──────── Records ────────

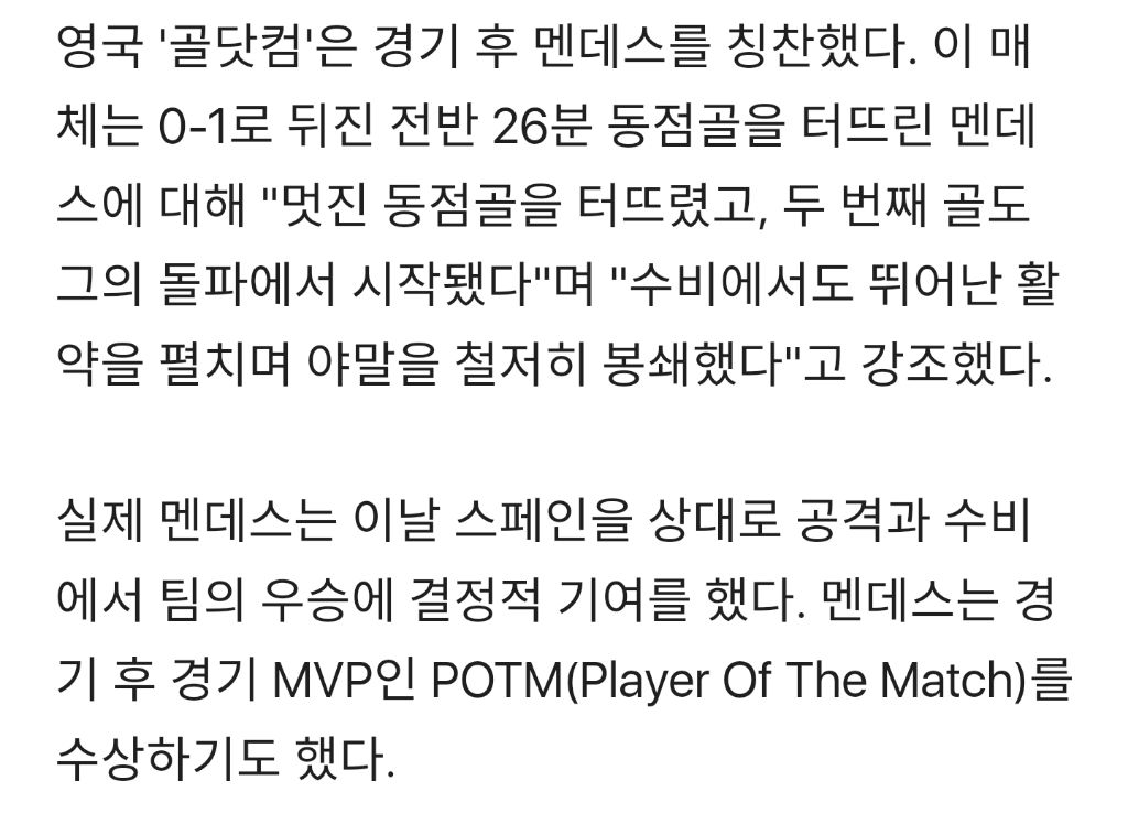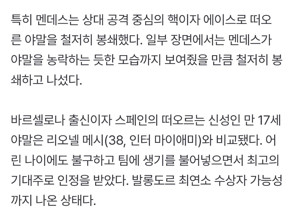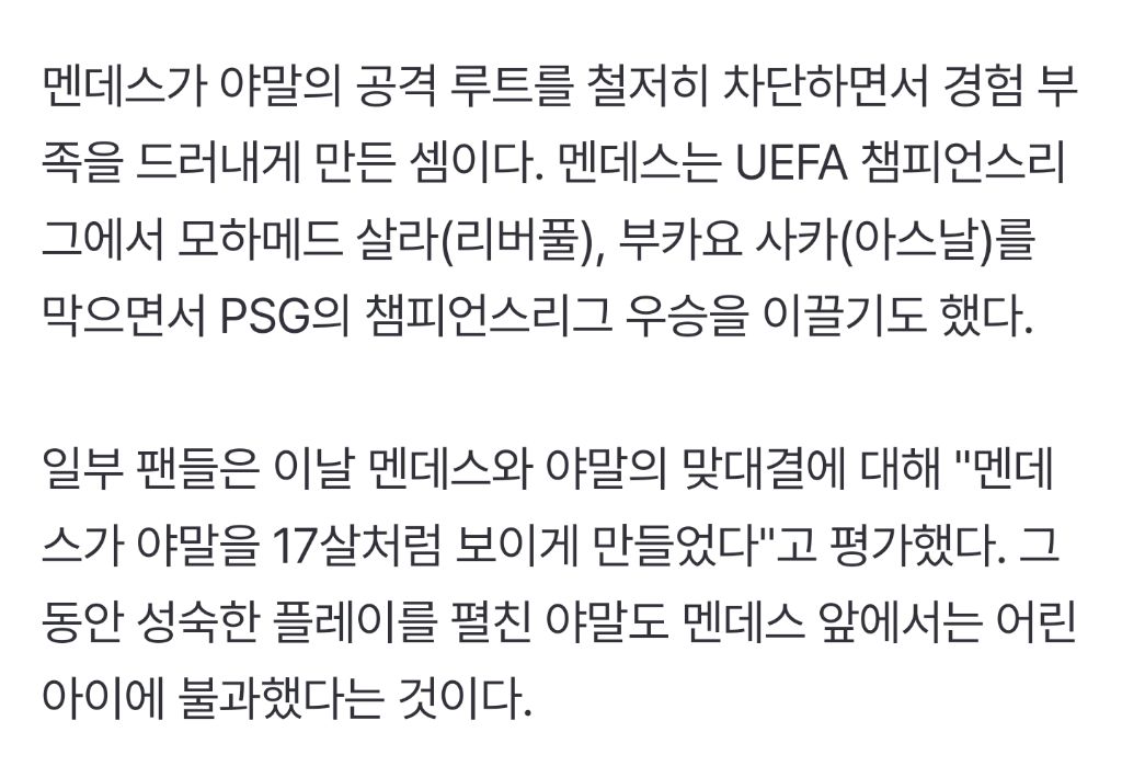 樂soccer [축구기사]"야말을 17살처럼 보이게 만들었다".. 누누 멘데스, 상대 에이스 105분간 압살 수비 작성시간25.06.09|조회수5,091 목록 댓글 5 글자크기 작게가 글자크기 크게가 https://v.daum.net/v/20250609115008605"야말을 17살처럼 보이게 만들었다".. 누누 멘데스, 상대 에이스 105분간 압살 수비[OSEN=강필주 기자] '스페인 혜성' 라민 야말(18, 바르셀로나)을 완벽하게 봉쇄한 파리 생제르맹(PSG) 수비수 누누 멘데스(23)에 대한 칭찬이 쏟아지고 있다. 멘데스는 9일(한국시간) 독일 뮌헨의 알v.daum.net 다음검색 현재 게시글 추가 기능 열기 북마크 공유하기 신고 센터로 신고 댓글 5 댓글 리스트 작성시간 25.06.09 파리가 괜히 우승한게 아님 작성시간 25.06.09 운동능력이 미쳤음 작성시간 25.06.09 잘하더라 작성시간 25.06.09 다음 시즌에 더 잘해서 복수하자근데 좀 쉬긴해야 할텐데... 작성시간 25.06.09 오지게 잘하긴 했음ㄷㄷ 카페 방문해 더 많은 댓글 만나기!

────────
──────── Records ────────

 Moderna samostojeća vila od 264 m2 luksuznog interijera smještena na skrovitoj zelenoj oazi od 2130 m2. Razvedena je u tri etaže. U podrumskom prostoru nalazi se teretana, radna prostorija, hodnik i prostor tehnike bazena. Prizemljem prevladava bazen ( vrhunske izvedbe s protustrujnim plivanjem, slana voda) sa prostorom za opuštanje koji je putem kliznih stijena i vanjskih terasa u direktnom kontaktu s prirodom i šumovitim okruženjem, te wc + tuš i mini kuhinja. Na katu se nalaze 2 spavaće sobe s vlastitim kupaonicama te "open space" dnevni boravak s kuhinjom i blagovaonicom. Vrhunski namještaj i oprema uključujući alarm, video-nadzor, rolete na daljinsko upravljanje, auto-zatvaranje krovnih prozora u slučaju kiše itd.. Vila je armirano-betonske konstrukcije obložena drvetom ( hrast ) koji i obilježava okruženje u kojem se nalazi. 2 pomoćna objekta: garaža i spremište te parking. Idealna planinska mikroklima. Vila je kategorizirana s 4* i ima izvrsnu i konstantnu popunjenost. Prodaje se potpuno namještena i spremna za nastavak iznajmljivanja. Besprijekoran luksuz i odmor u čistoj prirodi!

────────
──────── Records ────────

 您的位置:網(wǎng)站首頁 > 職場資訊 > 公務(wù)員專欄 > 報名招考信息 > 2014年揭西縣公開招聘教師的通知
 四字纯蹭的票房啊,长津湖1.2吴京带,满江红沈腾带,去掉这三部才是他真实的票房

────────

Task objective -
From the material above, set down exactly the lines between the line holding "您的位置:網(wǎng)站首頁 > 職場資訊" and the line holding "四字纯蹭的票房啊,长津湖1.2吴京带,满江红沈腾带,去掉这三部才是他真实的票房", inclusive. Include nothing else.

Task answer -
 您的位置:網(wǎng)站首頁 > 職場資訊 > 公務(wù)員專欄 > 報名招考信息 > 2014年揭西縣公開招聘教師的通知
 四字纯蹭的票房啊,长津湖1.2吴京带,满江红沈腾带,去掉这三部才是他真实的票房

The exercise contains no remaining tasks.